Text Index. Make MIN_WORD_PREFIX_SIZE configurable.

ad-freiburg / qlever

Very fast SPARQL Engine, which can handle very large knowledge graphs like the complete Wikidata, offers context-sensitive autocompletion for SPARQL queries, and allows combination with text search. It's faster than engines like Blazegraph or Virtuoso, especially for queries involving large result sets.

Apache License 2.0

372 stars 44 forks source link

Text Index. Make MIN_WORD_PREFIX_SIZE configurable. #1391

Open aindlq opened 2 months ago

aindlq commented 2 months ago

Default value of MIN_WORD_PREFIX_SIZE is 4, which can be a bit too high for some searches. Is it possible to make it configurable?
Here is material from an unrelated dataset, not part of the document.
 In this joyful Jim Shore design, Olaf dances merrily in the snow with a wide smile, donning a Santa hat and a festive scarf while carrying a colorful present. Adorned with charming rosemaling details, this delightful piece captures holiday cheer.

Would it work if I just change it to 3? It says here https://github.com/ad-freiburg/qlever/blob/14d6e1cc26b53f2ff563e98fcee57135df3537bb/src/index/IndexImpl.Text.cpp#L482:

If you need this to be changed, please contact the developers

hannahbast commented 2 months ago

@aindlq Can you tell us how large your text corpus is, that is, how many word occurrences? And yes, as a very first step this should be configurable.

aindlq commented 2 months ago

Right now it is:

INFO: Statistics for text index: #words = 10,714,805, #blocks = 42,960

That is only a subset of the whole data that we are going to load. I guess in the end it should be x5-10 from that number

hannahbast commented 2 months ago

@aindlq Have you tried just lowering the value? For 10M words, even MIN_WORD_PREFIX_SIZE = 1 should be fine. For 100M words, MIN_WORD_PREFIX_SIZE = 2 might still be OK.
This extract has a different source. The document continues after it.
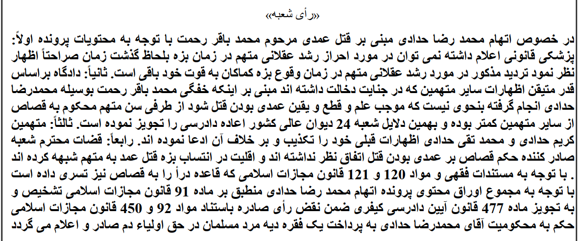 بنا به اطلاع سازمان حقوق بشر ایران، پس از ۱۹ سال زندان، حکم قصاص نفس محمدرضا حدادی، کودک-مجرم زندان مرکزی شیراز (عادل آباد) از سوی دیوان عالی کشور لغو شد.

aindlq commented 2 months ago

@hannahbast seems to be working fine with MIN_WORD_PREFIX_SIZE = 3 , with a minor change to:

static cppcoro::generator<std::string> fourLetterPrefixes() {
....
  for (char a : chars()) {
    for (char b : chars()) {
      for (char c : chars()) {
          std::string s{a, b, c};
          co_yield s;
      }
    }
  }
}